> **Data excerpts**:
________________
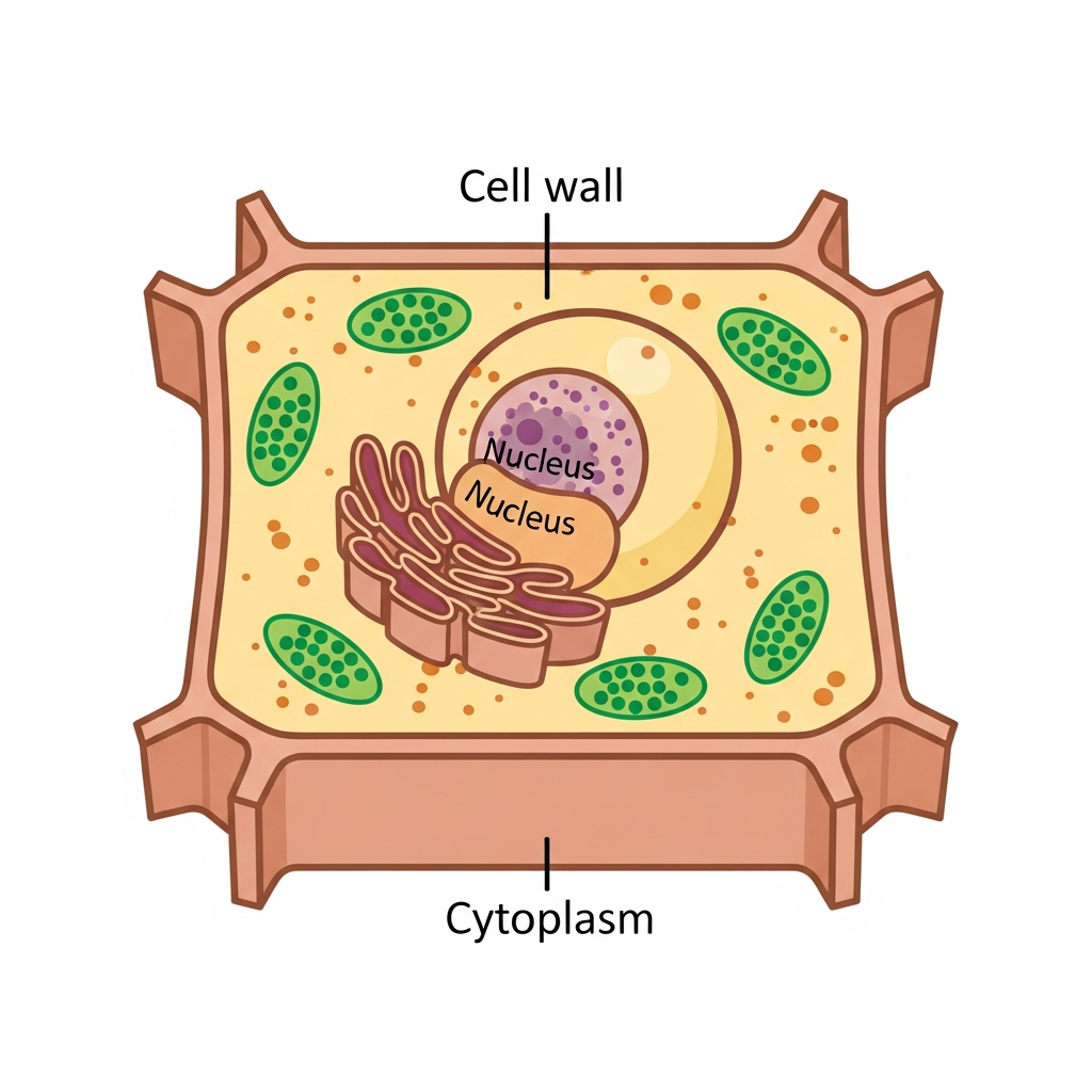 The plant cell diagram shows a large central vacuole occupying most of the cell's interior, with the nucleus near the center and chloroplasts distributed in the cytoplasm. The chloroplasts are clearly drawn as small oval structures positioned in the cytoplasm between the cell membrane and the central vacuole, not inside any other organelle. This peripheral location in the cytoplasm allows chloroplasts to capture light efficiently while remaining outside the vacuole's aqueous interior.
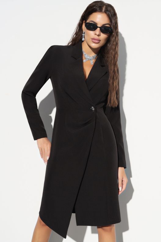 Платье однотонное чёрное на запах
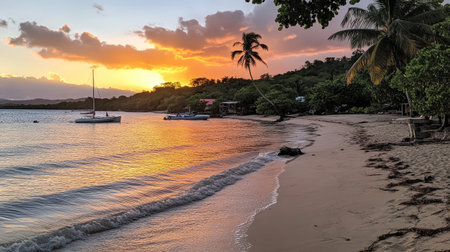 Sunset, paradise beach and palm trees, Martinique island.
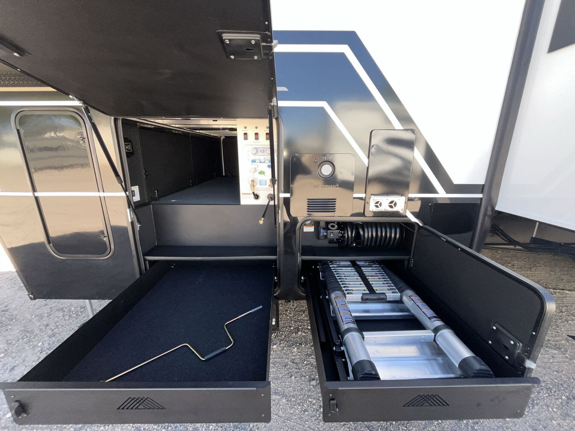 With any Model G toy hauler fifth wheel by Brinkley you will enjoy luxurious amenities, tons of storage space, and innovative features that have been developed and tested in the real world. Durable construction includes an industry leading PDI process, an industry best insulation package, and reinforced and walkable slide roofs. Some of the exterior features you'll find are a 3-way pass-through with a multi-functional flip-up bulkhead wall, under I-beam storage, a MAX-Vision reverse lighting system, and a low-maintenance roof to name a few. A Rockford Fosgate audio system comes standard, along with a OneControl app system that lets you control your fifth wheel's functions right from your mobile device. You will find the solar system with a designated storage area to be ultra convenient, plus there is a FlexPower 5500 with a dual fuel inverter generator for all your power needs. Head inside to find a residential interior with Brinkley's CraftSense wood trim construction, floating entrance steps, integrated window screens and insulated blackout blinds, and residential solid surface countertops plus backsplash. You will also enjoy the neon shower lighting and recessed medicine cabinets in the bath, plus motion activated LED bed lights and dual bedside outlets in the bedroom. Choose a Model G toy hauler fifth wheel to experience all the luxury it has to offer!
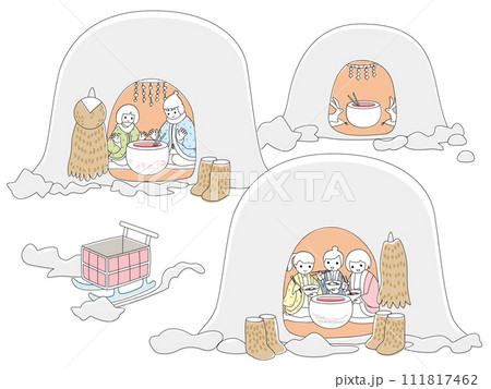雪国のかまくらで暖まる人々
________________
> **Work to complete**:
Through to the final line, copy the material above exactly and skip the images.

> **Written answer**:
 The plant cell diagram shows a large central vacuole occupying most of the cell's interior, with the nucleus near the center and chloroplasts distributed in the cytoplasm. The chloroplasts are clearly drawn as small oval structures positioned in the cytoplasm between the cell membrane and the central vacuole, not inside any other organelle. This peripheral location in the cytoplasm allows chloroplasts to capture light efficiently while remaining outside the vacuole's aqueous interior.
 Платье однотонное чёрное на запах
 Sunset, paradise beach and palm trees, Martinique island.
 With any Model G toy hauler fifth wheel by Brinkley you will enjoy luxurious amenities, tons of storage space, and innovative features that have been developed and tested in the real world. Durable construction includes an industry leading PDI process, an industry best insulation package, and reinforced and walkable slide roofs. Some of the exterior features you'll find are a 3-way pass-through with a multi-functional flip-up bulkhead wall, under I-beam storage, a MAX-Vision reverse lighting system, and a low-maintenance roof to name a few. A Rockford Fosgate audio system comes standard, along with a OneControl app system that lets you control your fifth wheel's functions right from your mobile device. You will find the solar system with a designated storage area to be ultra convenient, plus there is a FlexPower 5500 with a dual fuel inverter generator for all your power needs. Head inside to find a residential interior with Brinkley's CraftSense wood trim construction, floating entrance steps, integrated window screens and insulated blackout blinds, and residential solid surface countertops plus backsplash. You will also enjoy the neon shower lighting and recessed medicine cabinets in the bath, plus motion activated LED bed lights and dual bedside outlets in the bedroom. Choose a Model G toy hauler fifth wheel to experience all the luxury it has to offer!
雪国のかまくらで暖まる人々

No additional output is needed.